Nur die Ruhe, Sportsfreunde

Von Wolfgang Höbel

In zwei Romanen hat Sven Regener die Deutschen gelehrt, dass sich ihr angeblich so trauriges Land mit Lässigkeit und Witz bewohnen lässt. Nun setzt er seine Mission als Musiker fort.

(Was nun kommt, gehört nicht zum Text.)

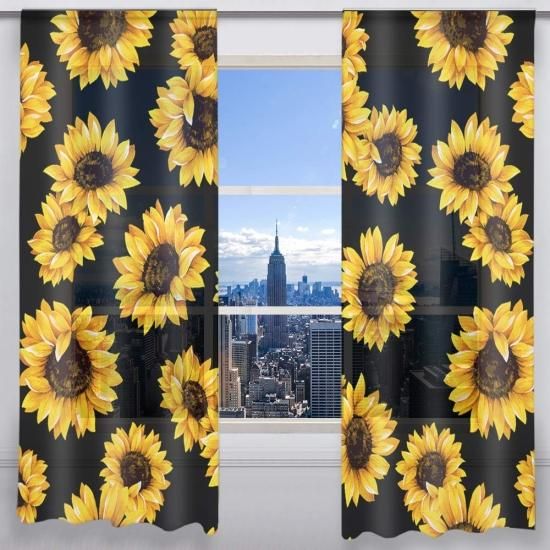 QH Beautiful Sunflower Black Window Sheer Curtains for Living Room Bedroom Kids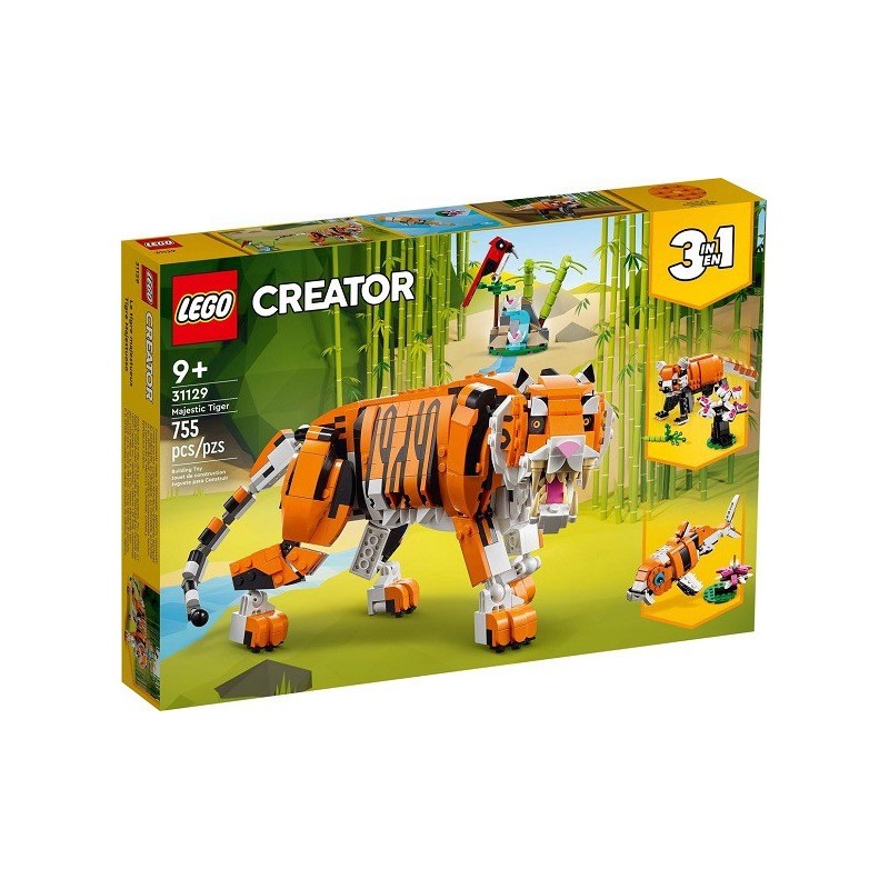 A los amantes de los animales de 9 años o más les encantará interpretar divertidas historias con el fascinante set LEGO® Creator 3en1 Tigre Majestuoso (31129). Contiene un modelo de un tigre para construir provisto de cola, patas, cuerpo, hombros, cabeza y mandíbula articulados al que puedes cambiar la expresión facial. Juguetes LEGO llenos de apasionante juego imaginativo Este set de juguetes 3en1 ofrece a los niños al menos 3 experiencias de construcción y juego. Pueden dar forma a un tigre articulado con un pájaro rojo, convertirlo en un panda rojo articulado con bambú y un bonsái, transformarlo en una carpa koi con cola y aletas móviles acompañada de nenúfares, o usar su imaginación y crear otro animal. Una experiencia digital para constructores LEGO El set trae instrucciones de construcción digitales para aportar aún más diversión al proceso. Además, los peques pueden visualizar el modelo según lo construyen con las herramientas de la app gratuita Instrucciones de MontajeLEGO. Edad recomendada: +9 años.

Der eleganteste Rock’n’Roller der Nation trägt ein fliederfarbenes Polohemd mit Lacoste-Krokodil drauf und eine Brille mit breiten schwarzen Scheuklappenbügeln, wie sie einst Aristoteles Onassis populär gemacht hat und später dann Harald Schmidt. Sven Regener schlendert durch Berlin-Mitte wie ein Urlauber. Dabei ist er ganz in der Nähe, auf dem Prenzlauer Berg, zu Hause. In Ferienstimmung ist er trotzdem.

DPA
Rockmusiker Regener: „Ich bin der Wischmop für die Tränen“
„Es gibt zu viele Künstler, die sagen: Ich arbeite hart. Das ist Quark“, sagt Regener, 44. „Um Literatur zu schreiben, muss man sich was ausdenken; und wenn man singt und Trompete spielt und die ganze Zeit stehen muss, ist das zwar körperlich anstrengend – aber beides ist keine Arbeit, sondern Spiel. Ich glaube an die klare Trennung von richtiger Arbeit und Kunst.“

Das ist ein schöner Satz, und weil der Schriftsteller und Musiker Sven Regener das weiß, legt er eine kleine Pause ein, nippt an seinem grünen Tee und blickt ein bisschen philosophisch drein. Draußen vorm Fenster des Restaurants in Berlins Hackeschen Höfen eilen rucksackbepackte, hip verschlampte junge Mitte-Menschen zu ihren Praktikantenschreibtischen. Regener aber preist das Privileg, ein „schon sehr angenehmes“ Künstlerleben zu führen: „Wenn man zwei solche Megahits geschenkt bekommt, dann hat man richtig Glück gehabt.“

Die Megahits, die Regener meint, sind die Bücher „Herr Lehmann“ und „Neue Vahr Süd“, deren gemeinsamer Held gleichfalls stark dem Philosophieren zuneigt. Beide Bücher haben sich in sensationellen Auflagen verkauft, das erste – von Leander Haußmann verfilmte – sogar mehr als eine Million Mal.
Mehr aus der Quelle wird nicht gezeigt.